▸ **EXERCISE OBJECTIVE**
If pictures appear in the lines below, skip them and copy exactly the lines from the one containing "น.ส.ยิ่งลักษณ์ ชินวัตร, นายสมชาย" through the one containing "One-touch Operation: The", and nothing else.

▸ **DATA**
□ □ □ □ □

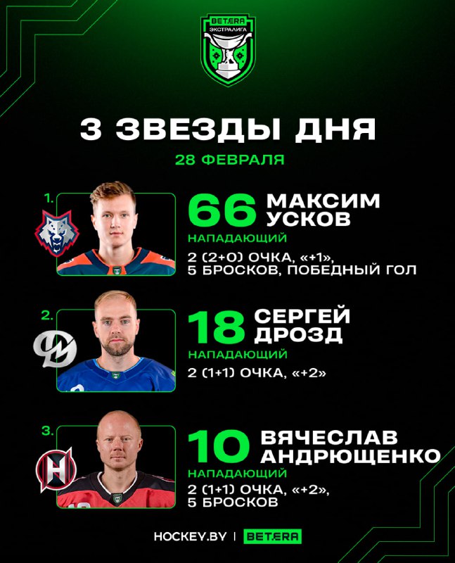 ⭐️ Максим Усков, Сергей Дрозд, Вячеслав Андрющенко – три звезды субботы в Betera-Экстралиге 🐺 Нападающий «Металлурга» оформил дубль в ворота «Гомеля», первая из его шайб оказалась для «волков» побед
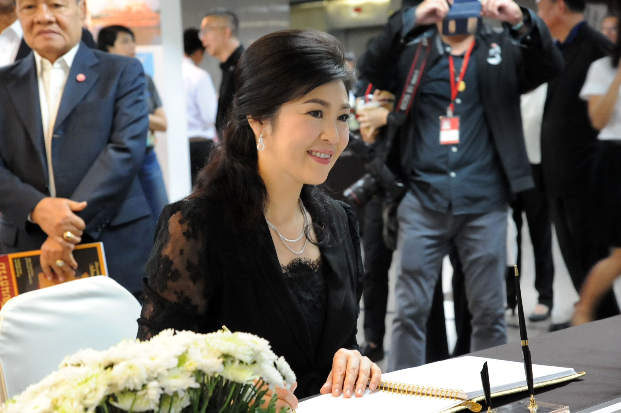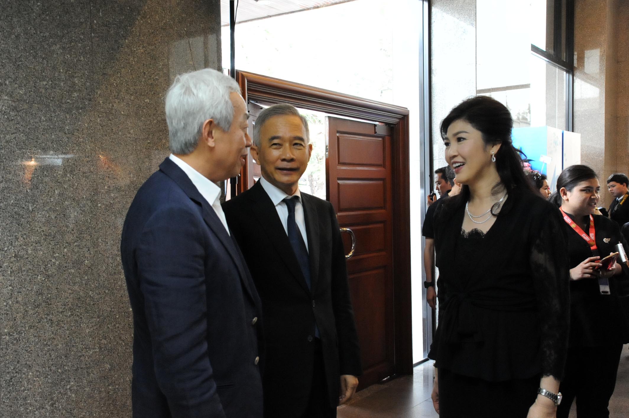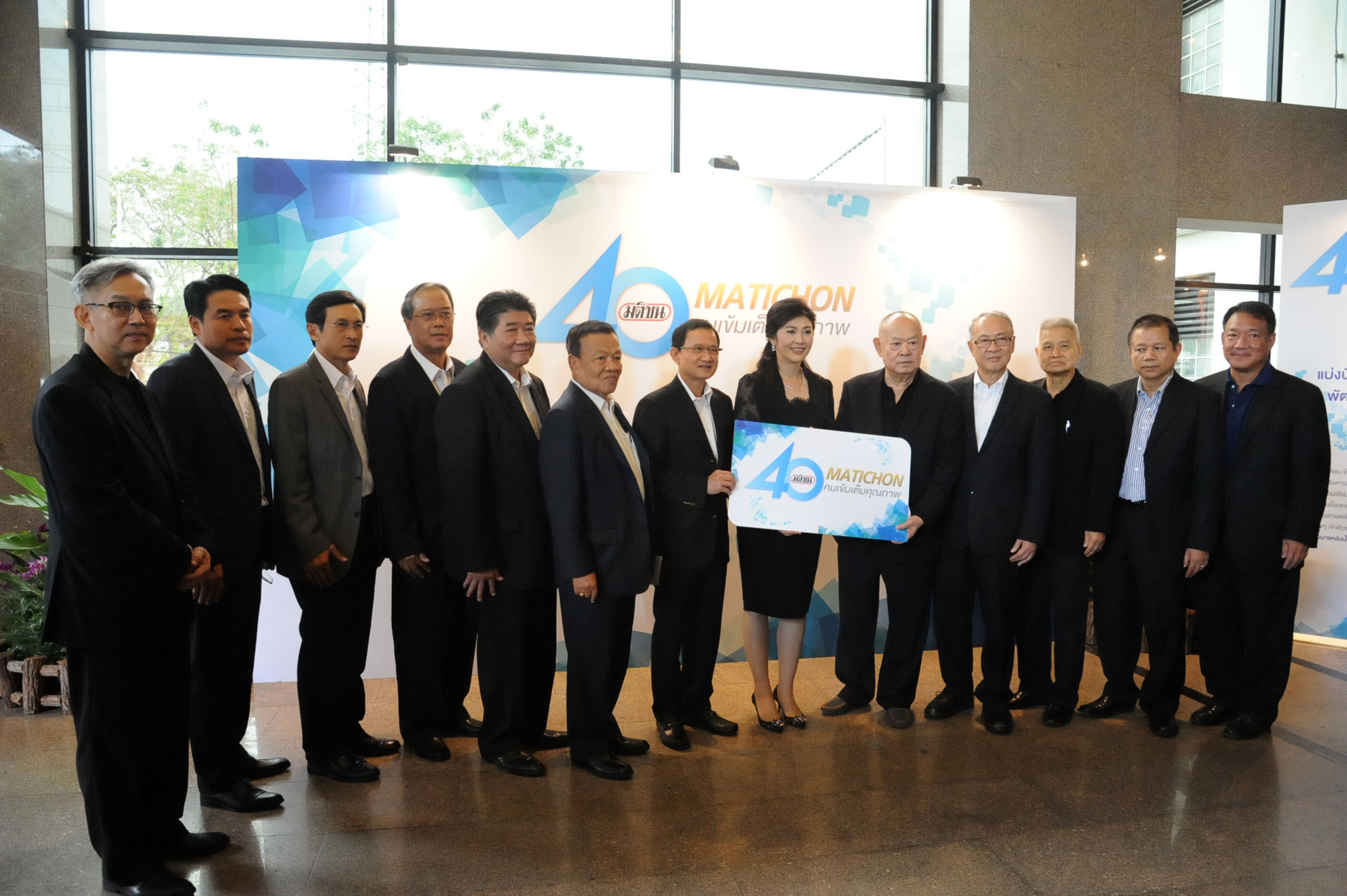 น.ส.ยิ่งลักษณ์ ชินวัตร, นายสมชาย วงศ์สวัสดิ์ อดีตนายกรัฐมนตรีและผู้บริหารพรรคเพื่อไทย นำแจกันดอกไม้อวยพร ครบรอบ 40 ปี หนังสือพิมพ์มติชน
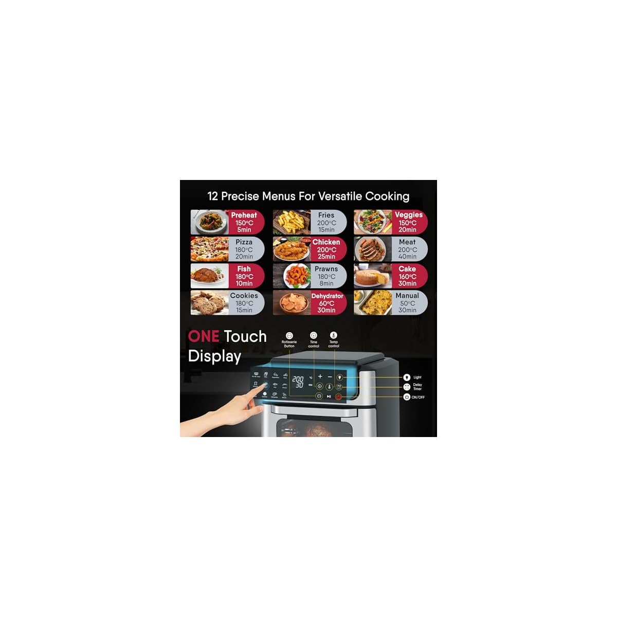 One-touch Operation: The Geek Airocook Helix 12L Airfryer Oven boasts 12 preset menus and a user-friendly LED touch screen, simplifying all your culinary desires into a single touch click. Additionally, you have the flexibility to fine-tune temperature (up to 200°C) and time (up to 60 minutes) to suit your taste.
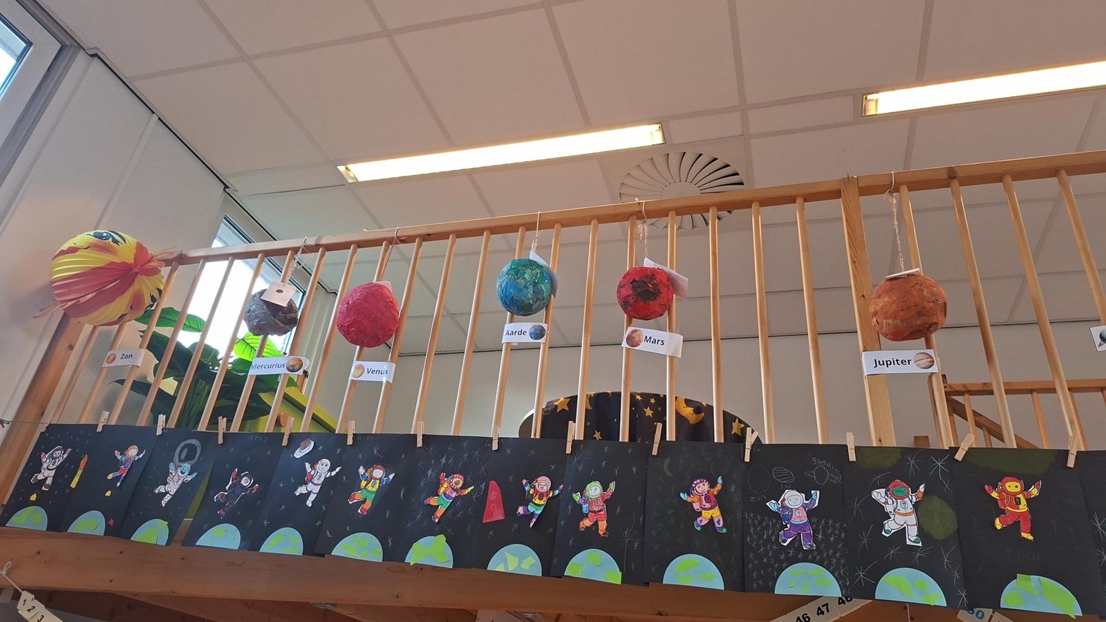 In de groepen 4 werken we aan het thema ”ruimte”. We hebben planeten gemaakt van papier maché en ook maakten we een ruimtetelefoon die echt werkt! 🚀🪐

□ □ □ □ □

▸ **FINISHED EXERCISE**
 น.ส.ยิ่งลักษณ์ ชินวัตร, นายสมชาย วงศ์สวัสดิ์ อดีตนายกรัฐมนตรีและผู้บริหารพรรคเพื่อไทย นำแจกันดอกไม้อวยพร ครบรอบ 40 ปี หนังสือพิมพ์มติชน
 One-touch Operation: The Geek Airocook Helix 12L Airfryer Oven boasts 12 preset menus and a user-friendly LED touch screen, simplifying all your culinary desires into a single touch click. Additionally, you have the flexibility to fine-tune temperature (up to 200°C) and time (up to 60 minutes) to suit your taste.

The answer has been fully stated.